Worst had been the feeling of helplessness, knowing just how slim her chances in the public system were. The first week, when Sasha had visited Mama in hospital, stil
l comatose, just barely clinging to life, she had found her bed empty – she would always recall the sinking, plunging horror of that feeling. It had been premature, tests were being run on her elsewhere in the hospital.
Soon enough, they wheeled her mother back in. The orderly, rushed and impatient, banged the corner of her trolley into the door jamb full tilt, so the trolley crunched to a halt and the comatose Mama flopped half out of the bed, like a puppet that had slipped its strings.
‘Hey!’ Sasha yelled. The attendant shrugged, stared through her as he heaved Mama back into bed and wheeled her into the ward.
Sasha realised she didn’t know what to do. If she complained, the orderly wouldn’t listen. If she tried to kick it up the chain, the orderly might take revenge, do something frightful to her mother. Stranger things had happened in the underfunded, overstuffed and corrupt health system. Her training, her abandoned medical degree, meant nothing, only made her acutely aware of how terribly precarious her mother’s situation was. Being half a doctor was worse than not being one at all.

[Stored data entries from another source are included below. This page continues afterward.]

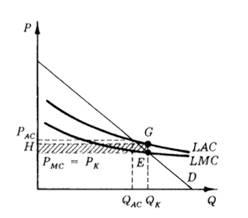 средние затраты оказываются выше предельных и применение принципа ценообразования по предельным затратам приводит к возникновению убытков L, равных площади прямоугольника PK
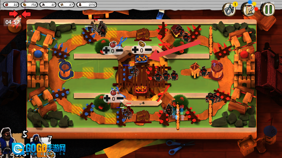 资源的采集与管理操作如下:点击地图上的加减号按钮即可派遣工人,其中上下两路适合采集食物(因路程较近,耗费时间少),中路则用于采集黄金(路程相对较长,所需时间也更多);此外,还能通过食物来兑换黄金。
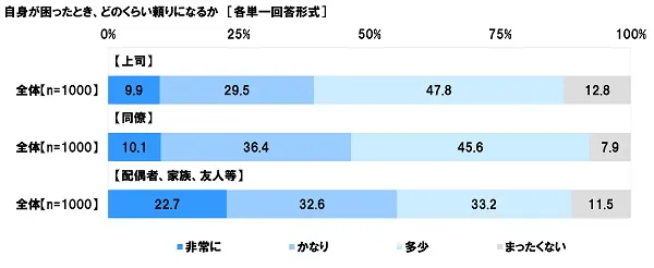 続いて、全回答者(1,000名)に、自身が困ったときに、周囲の人はどの程度頼りになるか聞いたところ、【上司】では「非常に」が9.9%、「かなり」が29.5%、「多少」が47.8%となった一方、「まったくない」が12.8%となり、【同僚】では「非常に」が10.1%、「かなり」が36.4%、「多少」が45.6%となった一方、「まったくない」が7.9%となりました。また、【配偶者、家族、友人等】では「非常に」が22.7%、「かなり」が32.6%、「多少」が33.2%となった一方、「まったくない」が11.5%となりました。

She cried that night, in bed with Stephan, and, a little awkwardly, he wiped away her tears and said, softly, carefully, ‘You know, it doesn’t have to be like this. I could help.’
Gently, he sketched a plan. She argued and protested, but not very convincingly, and not very much. He slipped his arm out from under her, reached for his phone. One hand held the phone to his ear while he rested against the glass of the balcony’s French doors, which looked out over the sprawl of Manhattan, the dimples in his ass cheeks twinkling merrily. The next day a private ambulance was driving Mama upstate to her new half-life.
Stephan had clout, a last name that made scenes like this possible; besides, a glorious career was unfolding in front of him.